■ Problem requirements ■
Would you repeat the listing exactly, without any of its images?

■ Source data ■
========================
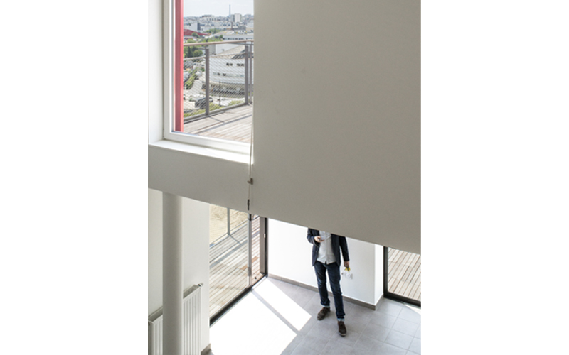 L’espace habitable de chaque appartement est maximal. Des volumes “extra-ordinaires” en double hauteur sont créés. Les espaces de dessertes dans les appartements (couloirs, sas) sont réduits au bénéfice des espaces communs, tout en respectant le cahier des charges du client, l’intimité propre à chaque pièce, ainsi que les normes d’accessibilité.
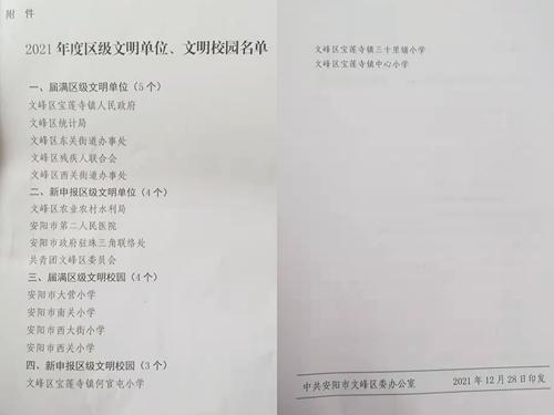 文峰区宝莲寺镇中心小学喜获区级文明校园荣誉称号时间:2022-02-13 2月11日,文峰区宝莲寺镇中心小学喜获“2021年度区级文明校园”荣誉称号。 在创建文明校园过程中,学校秉承“以人为本,和谐发展”的办学理念,以学生为中心,加强师德建设,重点围绕领导班子建设、学校办学管理建设、教师队伍建设、思想道德教育、校园文化建设、活动阵地建设等方面开展工作。在校长杨克雷的带领下,各部门齐抓共管,取得了突出成绩,被评为“2021年度区级文明校园”。 校园,因文明而更加和谐;文明,让校园更加精致。全体师生正以时不我待的紧迫感和使命感,从创建文明校园出发,汇聚文明的力量,奋力书写宝莲寺镇中心小学的辉煌新篇章。 |
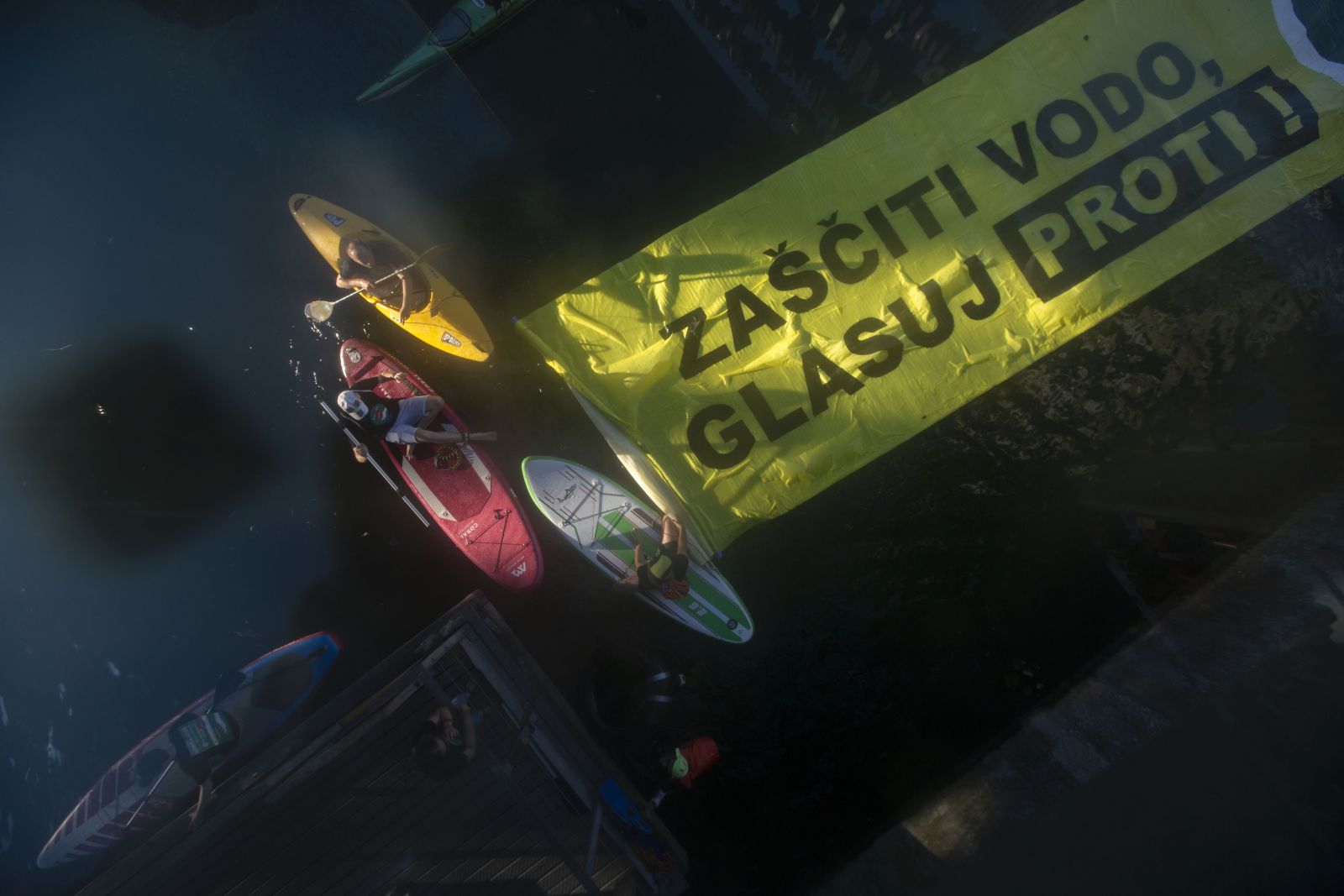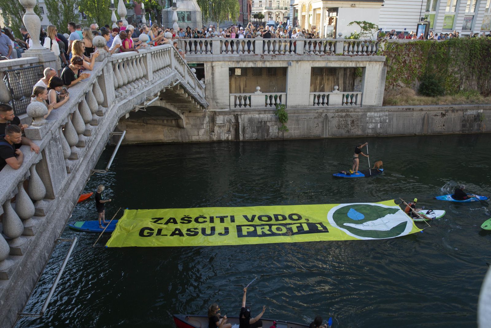 Manjša skupina protestnikov je na kanujih, kajakih in supih z vodnimi plakati protestno pot začela na Špici. Po prihodu do Tromostovja so se pridružili protestu na kopnem.
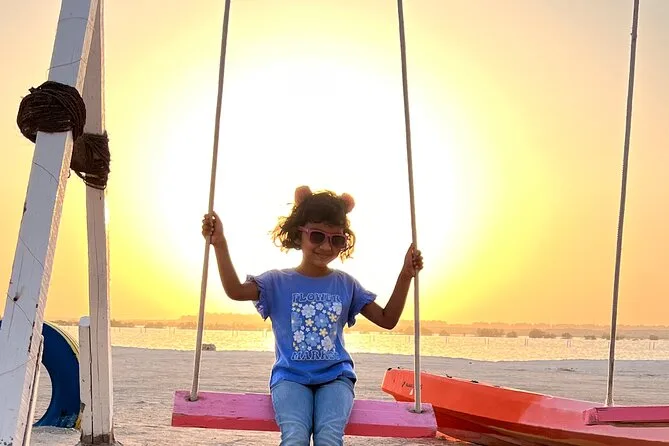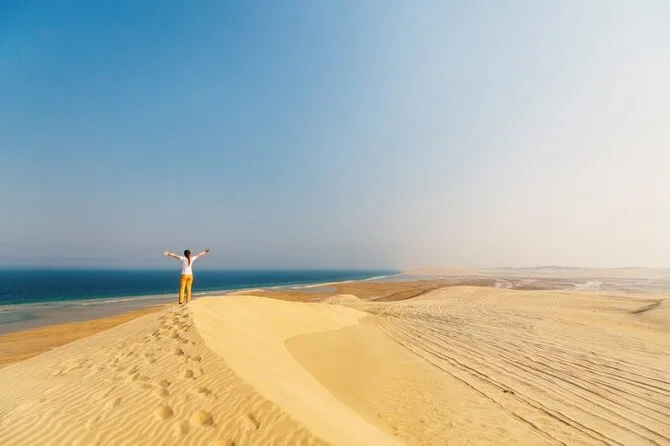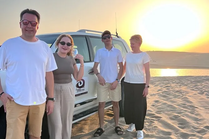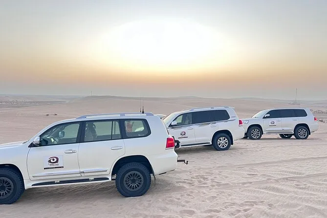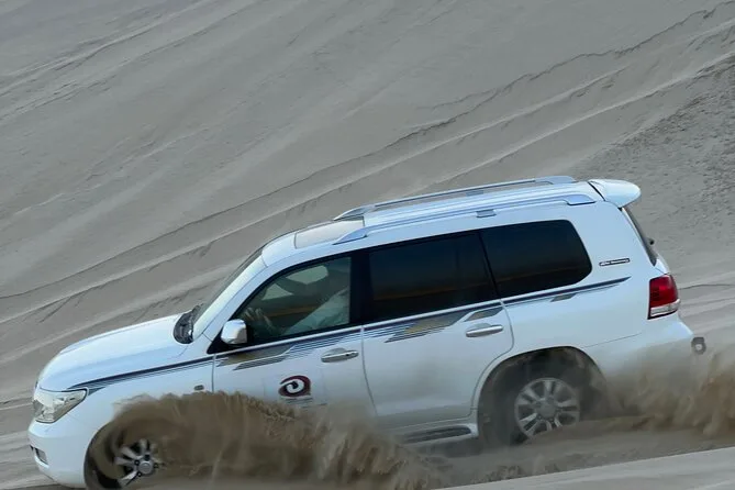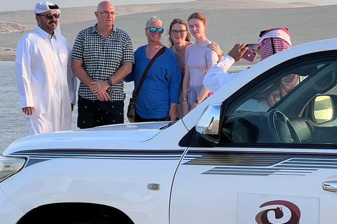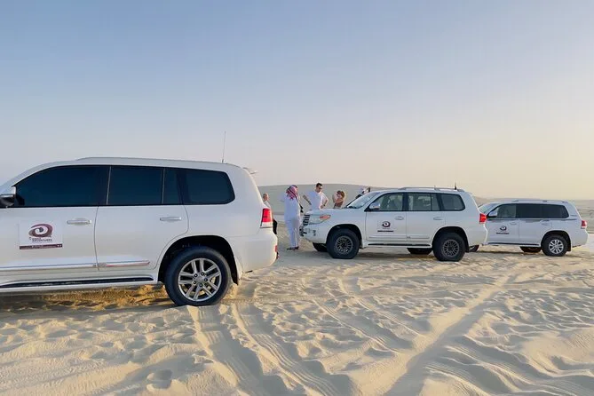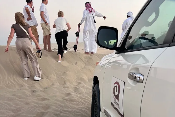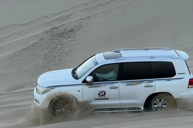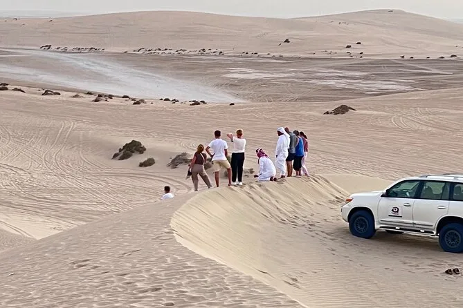 Seu dia inclui transporte em veículo com ar-condicionado saindo de Doha, água mineral durante todo o trajeto e todo o equipamento de segurança necessário, como cadeirinhas e assentos de elevação para crianças — para você só se preocupar em não levar areia para casa.
========================
■ Solution to this task ■
 L’espace habitable de chaque appartement est maximal. Des volumes “extra-ordinaires” en double hauteur sont créés. Les espaces de dessertes dans les appartements (couloirs, sas) sont réduits au bénéfice des espaces communs, tout en respectant le cahier des charges du client, l’intimité propre à chaque pièce, ainsi que les normes d’accessibilité.
 文峰区宝莲寺镇中心小学喜获区级文明校园荣誉称号时间:2022-02-13 2月11日,文峰区宝莲寺镇中心小学喜获“2021年度区级文明校园”荣誉称号。 在创建文明校园过程中,学校秉承“以人为本,和谐发展”的办学理念,以学生为中心,加强师德建设,重点围绕领导班子建设、学校办学管理建设、教师队伍建设、思想道德教育、校园文化建设、活动阵地建设等方面开展工作。在校长杨克雷的带领下,各部门齐抓共管,取得了突出成绩,被评为“2021年度区级文明校园”。 校园,因文明而更加和谐;文明,让校园更加精致。全体师生正以时不我待的紧迫感和使命感,从创建文明校园出发,汇聚文明的力量,奋力书写宝莲寺镇中心小学的辉煌新篇章。 |
 Manjša skupina protestnikov je na kanujih, kajakih in supih z vodnimi plakati protestno pot začela na Špici. Po prihodu do Tromostovja so se pridružili protestu na kopnem.
 Seu dia inclui transporte em veículo com ar-condicionado saindo de Doha, água mineral durante todo o trajeto e todo o equipamento de segurança necessário, como cadeirinhas e assentos de elevação para crianças — para você só se preocupar em não levar areia para casa.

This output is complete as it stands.